* Source material *

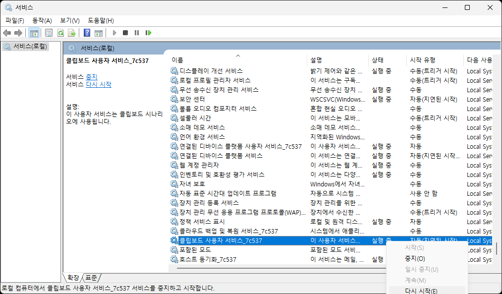서비스 창에서 클립보드 사용자 서비스를 찾으세요.
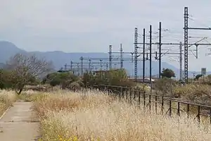 ![]() View of the station in the background, taken from the archaeological site of Agioi Theodoroi (April 2016) | ||||||||||||||||
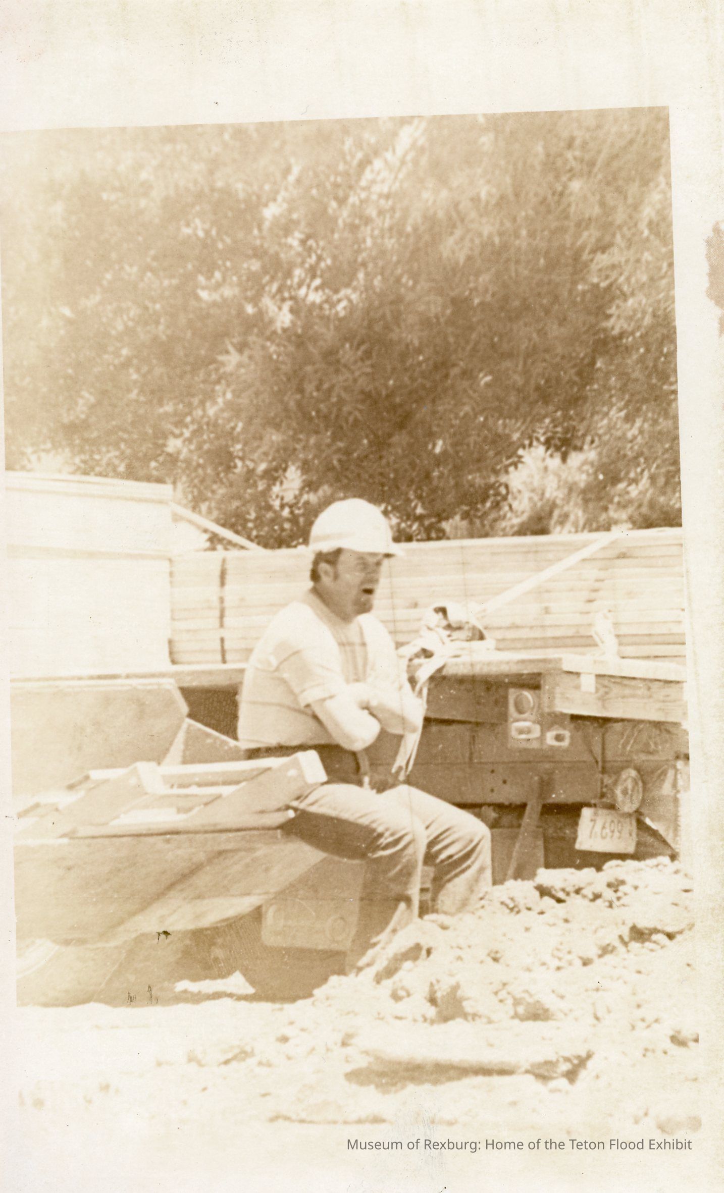 The photo is in black and white. The photo looks as though it had over saturated. The Subject of the photo is a man who is wearing a hard hat who is sitting on the crane arm. In the shovel portion of the arm is debris and other materials. In the background are some trees, and in front of the those trees are a couple of trucks loaded with logs. The man is sitting with his arms folded. In front of the man is a pile of debris. The man is wearing a construction vest. The dimensions of the photo are 8" X 5". This photo was contained in a brown envelope with "Thanks Dave Gauts" written in Cursive This photo comes from the old Standard Journal Warehouse located at 23 S 1st E.
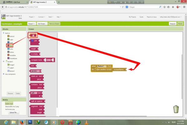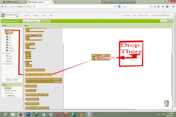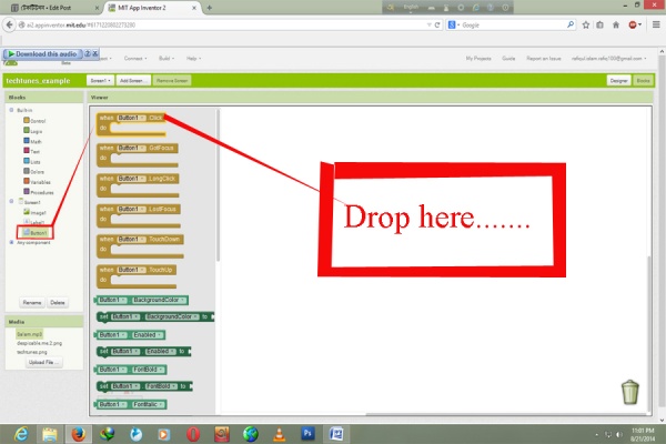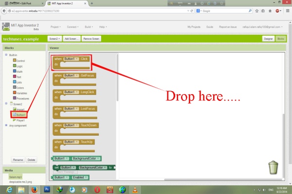 প্রথমে আমরা ট্যাব থেকে Button1 এ ক্লিক করব । ওইখান থেকে সবার উপরের টা "When button1 click do" টা এনে সাদা খালি জায়গায় ছেরে দিব।
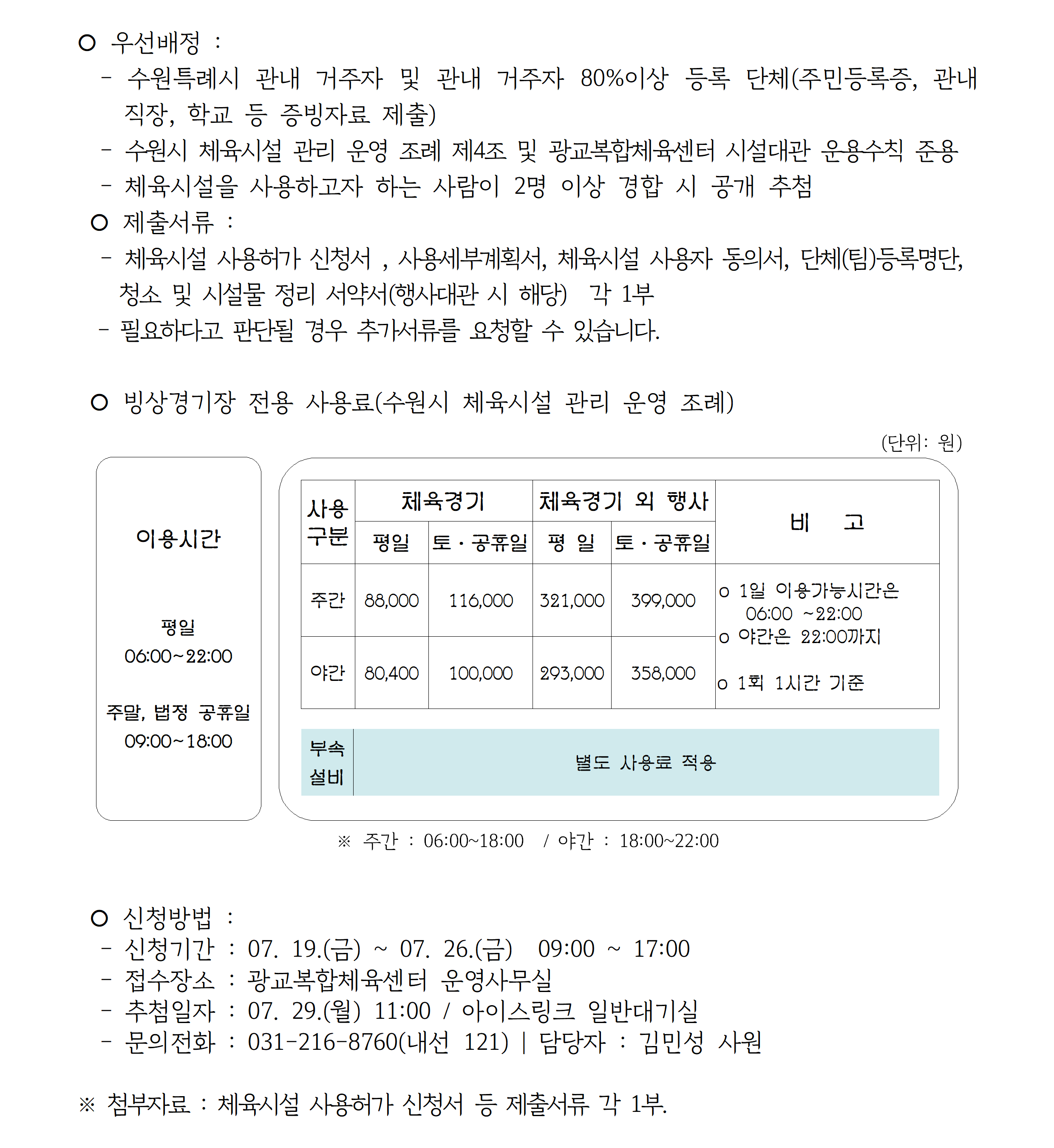 8월 아이스링크장 (수시)시범대관 공지 작성자 관리자 등록일자 2024년 7월 19일 8시 54분 59초 조회 1,347 ('24.08.) 아이스링크 수시대관_공지사항(공지용)001.png [ Size : 280.26KB , Down : 1,291 ] 미리보기 다운로드 ('24.08.) 아이스링크 수시대관_공지사항(공지용)002.png [ Size : 335.04KB , Down : 1,303 ] 미리보기 다운로드 아이스링크 대관_신청서.hwp [ Size : 266.5KB , Down : 371 ] 다운로드 목록보기
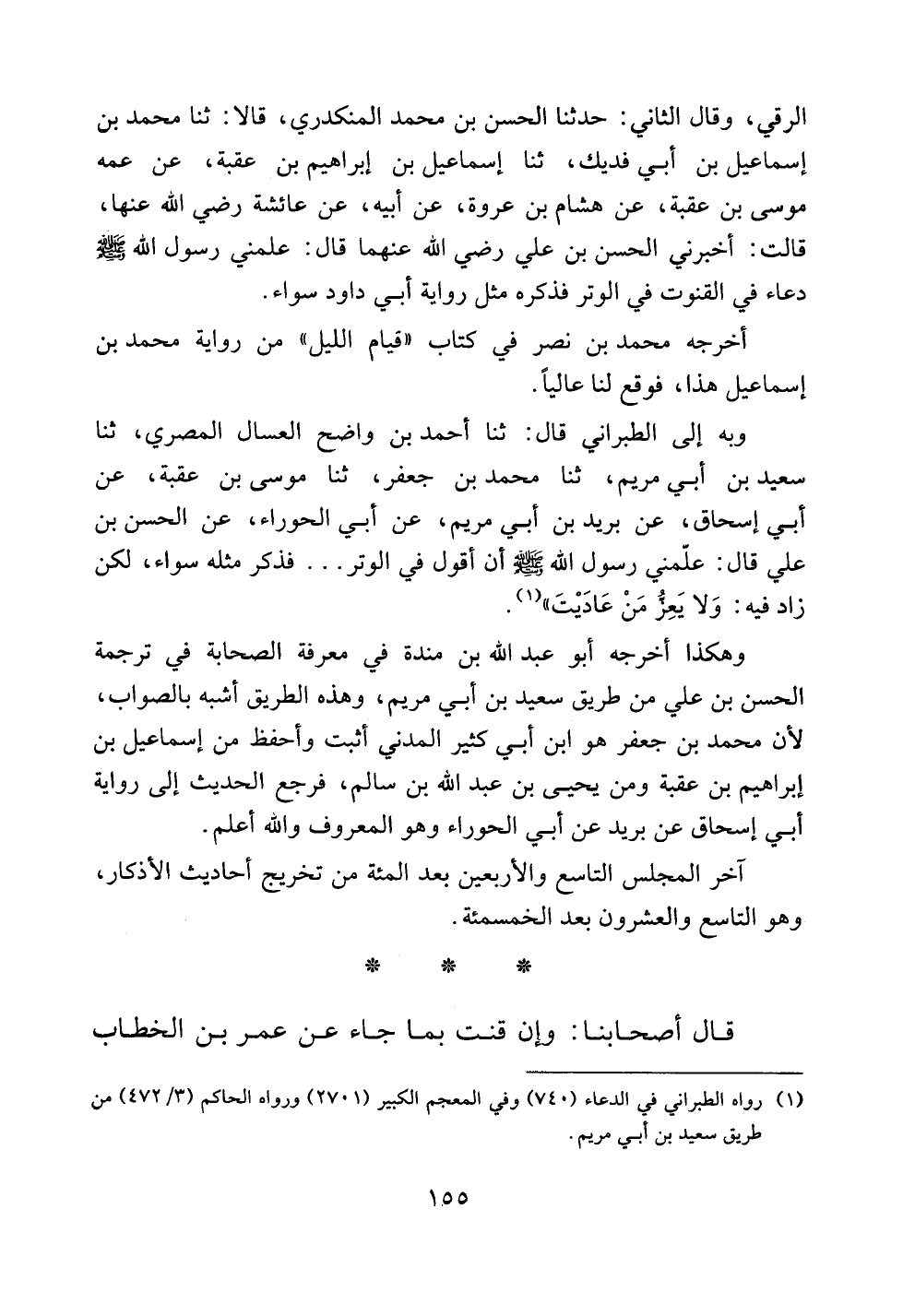 وبه إلى الطبراني قال: ثنا أحمد بن واضح العسال المصري، ثنا سعيد بن أبي مريم، ثنا محمد بن جعفر، ثنا موسى بن عقبة، عن أبي إسحاق، عن بريد بن أبي مريم، عن أبي الحوراء، عن الحسن بن علي قال: علمني رسول الله صلى الله عليه وسلم أن أقول في الوتر .. .. فذكر مثله سواء، لكن زاد فيه: ((ولا يعز من عاديت)).
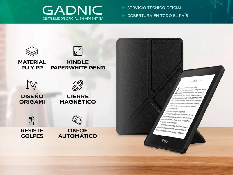 ¿Eres un apasionado de la lectura y posees el Kindle Paperwhite Gen 11? La Funda Origami Gadnic es la combinación perfecta de estilo y protección para tu preciado dispositivo. Diseñada meticulosamente para adaptarse a tu Kindle Paperwhite Gen 11, esta funda innovadora no solo ofrece una protección sólida, sino que también agrega un toque de elegancia a tu experiencia de lectura.
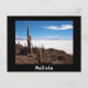 Postcard with giant cactus on Isla del Pescado inside the Salar de uyuni salt flats near Uyuni in Bolivia with a black border and the text: 'Bolivia'.
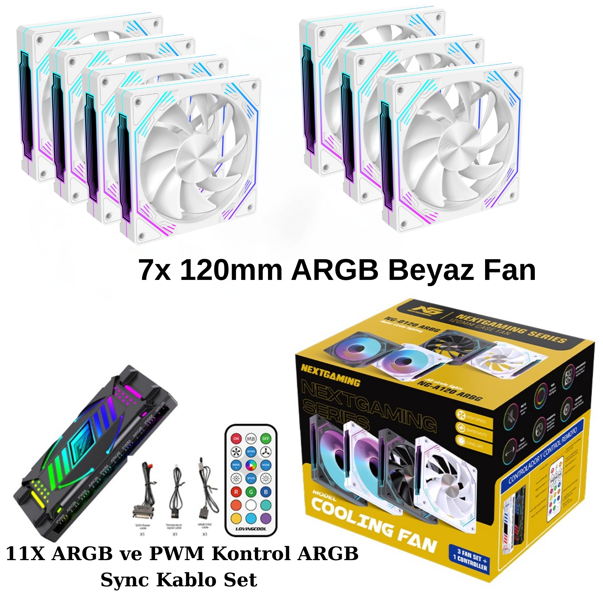 NG-O120W 7 Adet 120mm ARGB Fan 11X ARGB PWM Slot Kontrolcü ve Kumanda Beyaz
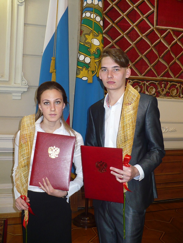 Двое наших студентов получили из рук губернатора заслуженные Свидетельства о назначении стипендии – Асадулин Юрий студент гр. АС-471, Иванова Анна студентка группы ТЭ-214.
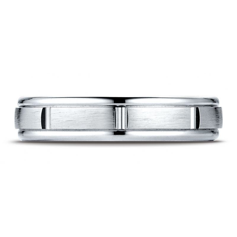 Platinum 4mm Comfort-Fit Satin-Finished 8 High Polished Center Cuts and Round Edge Carved Design Band
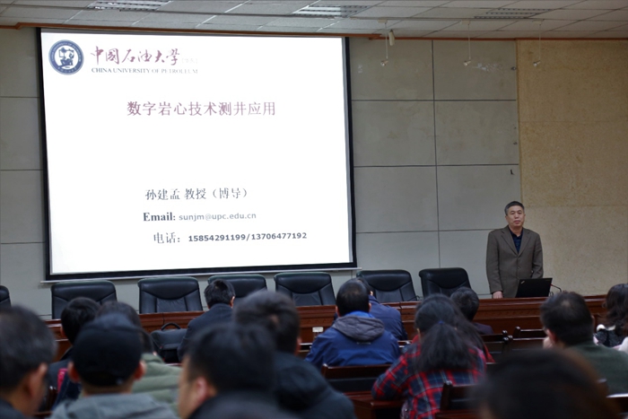 聘任仪式结束后,中国石油大学(华东)孙建孟教授以“数字岩心技术在测井中的应用”为题,在第三会议室为公司师生作了学术报告。孙建孟教授从数字岩心建模、岩石物理属性模拟等方面对数字岩心技术进行了介绍,指出数字岩心技术与常规岩石物理实验相比存在的优势,是研究微观因素对岩石物理属性影响的重要手段,同时展望了数字岩心技术在地质、地震、岩土工程等学科中的应用前景。

* Task *
Nothing but the lines above, starting at the line that contains "The photo is in" and ending at the line that contains "NG-O120W 7 Adet", should be given again, exactly and without the pictures.

* Result of the task *
 The photo is in black and white. The photo looks as though it had over saturated. The Subject of the photo is a man who is wearing a hard hat who is sitting on the crane arm. In the shovel portion of the arm is debris and other materials. In the background are some trees, and in front of the those trees are a couple of trucks loaded with logs. The man is sitting with his arms folded. In front of the man is a pile of debris. The man is wearing a construction vest. The dimensions of the photo are 8" X 5". This photo was contained in a brown envelope with "Thanks Dave Gauts" written in Cursive This photo comes from the old Standard Journal Warehouse located at 23 S 1st E.
 প্রথমে আমরা ট্যাব থেকে Button1 এ ক্লিক করব । ওইখান থেকে সবার উপরের টা "When button1 click do" টা এনে সাদা খালি জায়গায় ছেরে দিব।
 8월 아이스링크장 (수시)시범대관 공지 작성자 관리자 등록일자 2024년 7월 19일 8시 54분 59초 조회 1,347 ('24.08.) 아이스링크 수시대관_공지사항(공지용)001.png [ Size : 280.26KB , Down : 1,291 ] 미리보기 다운로드 ('24.08.) 아이스링크 수시대관_공지사항(공지용)002.png [ Size : 335.04KB , Down : 1,303 ] 미리보기 다운로드 아이스링크 대관_신청서.hwp [ Size : 266.5KB , Down : 371 ] 다운로드 목록보기
 وبه إلى الطبراني قال: ثنا أحمد بن واضح العسال المصري، ثنا سعيد بن أبي مريم، ثنا محمد بن جعفر، ثنا موسى بن عقبة، عن أبي إسحاق، عن بريد بن أبي مريم، عن أبي الحوراء، عن الحسن بن علي قال: علمني رسول الله صلى الله عليه وسلم أن أقول في الوتر .. .. فذكر مثله سواء، لكن زاد فيه: ((ولا يعز من عاديت)).
 ¿Eres un apasionado de la lectura y posees el Kindle Paperwhite Gen 11? La Funda Origami Gadnic es la combinación perfecta de estilo y protección para tu preciado dispositivo. Diseñada meticulosamente para adaptarse a tu Kindle Paperwhite Gen 11, esta funda innovadora no solo ofrece una protección sólida, sino que también agrega un toque de elegancia a tu experiencia de lectura.
 Postcard with giant cactus on Isla del Pescado inside the Salar de uyuni salt flats near Uyuni in Bolivia with a black border and the text: 'Bolivia'.
 NG-O120W 7 Adet 120mm ARGB Fan 11X ARGB PWM Slot Kontrolcü ve Kumanda Beyaz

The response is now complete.